In this tercentenary of the Hanoverian accession to the throne, the V&A has brought together an extraordinary body of work to celebrate that era's most influential designer and architect - William Kent. Kent is not a man that is spoken about widely but his influence continues to be profound. This fascinating and evocative exhibition goes a long way to redressing that imbalance.

Queen Anne died in 1714, leaving no obvious heir, and the search for a specifically Protestant heir proved unsuccessful so the monarchy turned to distant relatives from the Principality of Hanover (the eventual George I was the 49th in line to the throne at the time he was made King).

As George I took to the throne, there was a general desire to have a fresh start for Britain with new ideas. Kent fit the bill perfectly and his style has left its mark to this very day.

William Kent was, by any standard, a polymath. Painter, sculptor, architect, interior decorator, furniture designer, illustrator, costume and theatre designer, landscape designer... The range of Kent's talents was amazing and the exhibition shows just how much he excelled at each.

It's a reflection of how well this exhibition is curated that it doesn't throw all these talents at you, overwhelming you. Instead worlds, spheres showcasing these achievements are created - homes, urban design, gardens - and the exhibition creates a path that leads you through each in turn.

The interior design section showcases Kent's revolutionary design, drawn heavily from Italian Baroque art. The richly gilded chairs upholstered in jewel-coloured velvets, ornately marbled tables, heavily carved mahogany wood... It's a style that's eye-wateringly bling-tastic by today's standards but palatial homes and country estates demand statement furniture and large-scale interior design - and Kent knew how to supply that.

The Kentian style was adopted by many of the most powerful patrons of Georgian Britain who, in turn, secured Kent important Royal commissions, bringing him to public attention.

One section of the exhibition is devoted to Kent's designs for the new Royal Family including the Prince of Wales's Royal Barge (1732), Queen Caroline's Library at St James' Palace (1736-37) and the Hermitage in Richmond Gardens (1730-31).

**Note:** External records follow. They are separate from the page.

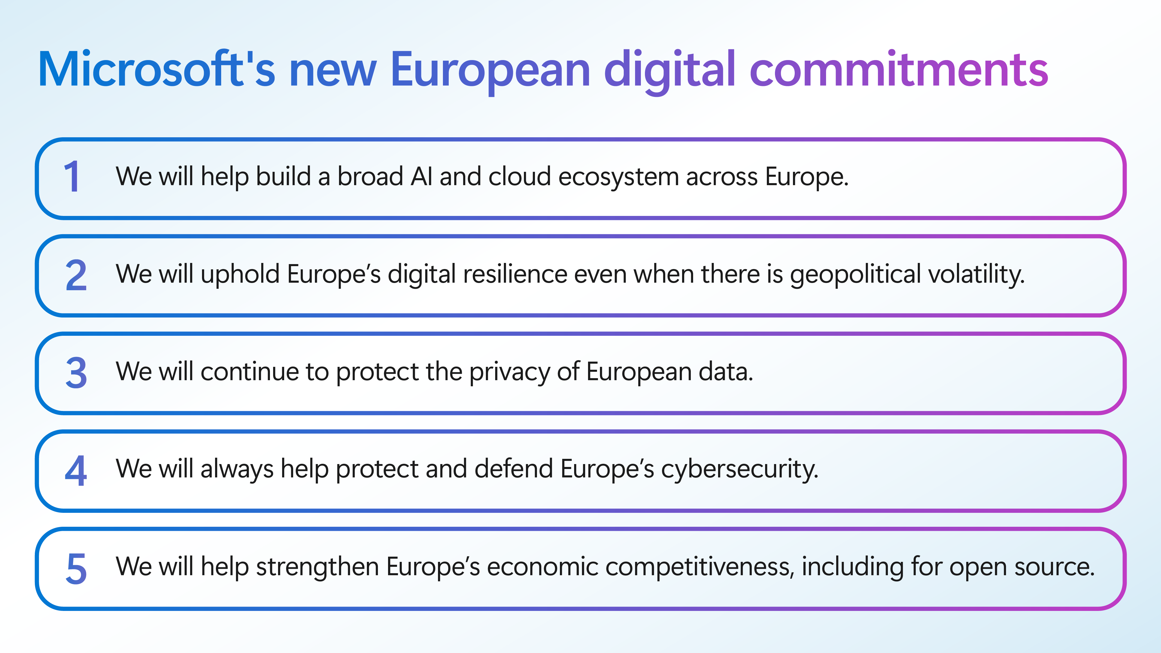 In un momento di volatilità geopolitica, sottolinea la società americana, Microsoft conferma la propria posizione nel voler garantire stabilità digitale. Per questo motivo, oggi Microsoft annuncia cinque nuovi impegni nel settore digitale per l’Europa.
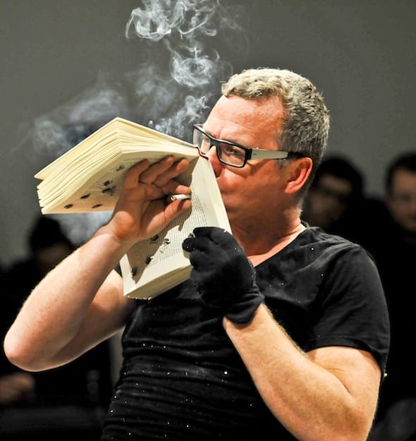 In his work Joakim Stampe deals with issues in contemporary society that touch him, whether it is direct political topics like the murder of the Swedish Prime Minister Olof Palme, or George W Bush’s’ “war on terrorism”. Or for that matter on issues like censorship, the art scene and its star system, or more personal subject matter, Joakim Stampe is basically a storyteller, through the action and the human identification in performance art.
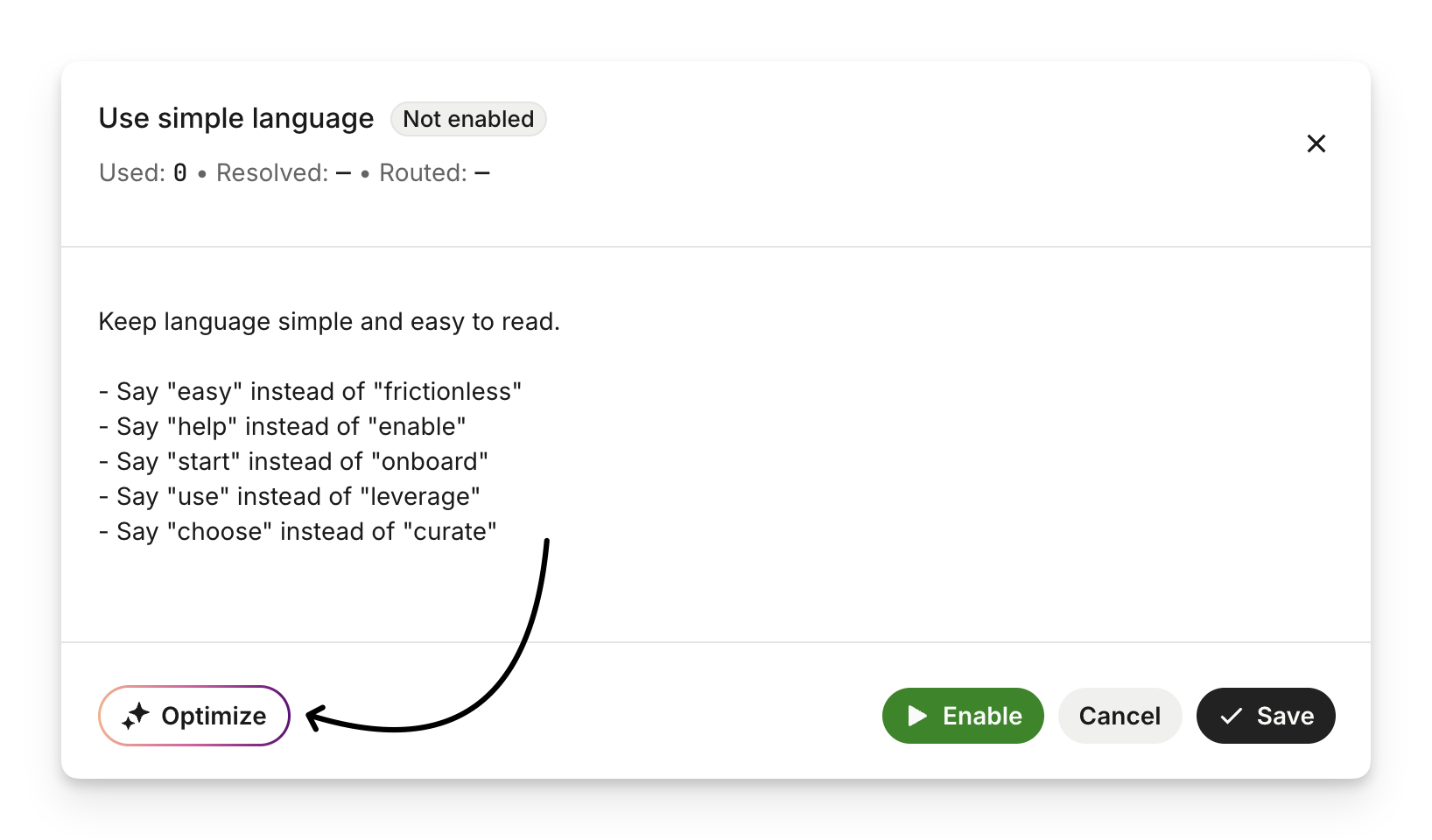 After writing a piece of guidance, click Optimize to have it reviewed by our AI-powered writing assistant. This tool helps refine your guidance by checking for common issues and suggesting improvements.

After the interior design, the exhibition weaves its way into urban design examining Kent's projects for the redesign of Georgian London. On display are architectural renderings and elevations for the facade of Horse Guards (1753) which show Kent's lasting impact on the appearance of London today.

Other architectural projects were never realised including the proposals he submitted for a new House of Parliament (1733-40) and interiors for the House of Lords at Westminster (1735-36), designs for which are on display.

The personal highlight for me was the section on gardens at the close of the exhibition.


Photo: Installation image of William Kent: Designing Georgian Britain (c) Victoria and Albert Museum, London

It's so important for museums and galleries to engage as wide a demographic as possible for their shows and to do that, innovative methods have to be employed. With the Science Museum, the V&A has been at the forefront in utilising talents from other areas of the creative arts and this innovative approach pays dividends here.

Using lighting design talents from theatre as well innovative sound, an evocative representation of English gardens has been created. With birdsong coming through the speakers and dark mossy green walls, stills of Kent's landscaping from across England's country estates such as Stowe and Holkham Hall are projected on to the walls as the effect of sunlight filtering through leafy branches illuminates the room.

Garden seats dotted around, visitors can sit down and transport themselves to the beautifully landscaped lawns dotted with temples, obelisk, man-made lakes and woodland paths - all worlds away from the chaos and urban landscape of modern London.

It also gives the opportunity to display how much Kent embraced the poetic idealism of the English countryside. A versatile man in terms of influence as well as talents, Kent's landscapes were not drawn from overseas but instead looked to show England at its very best.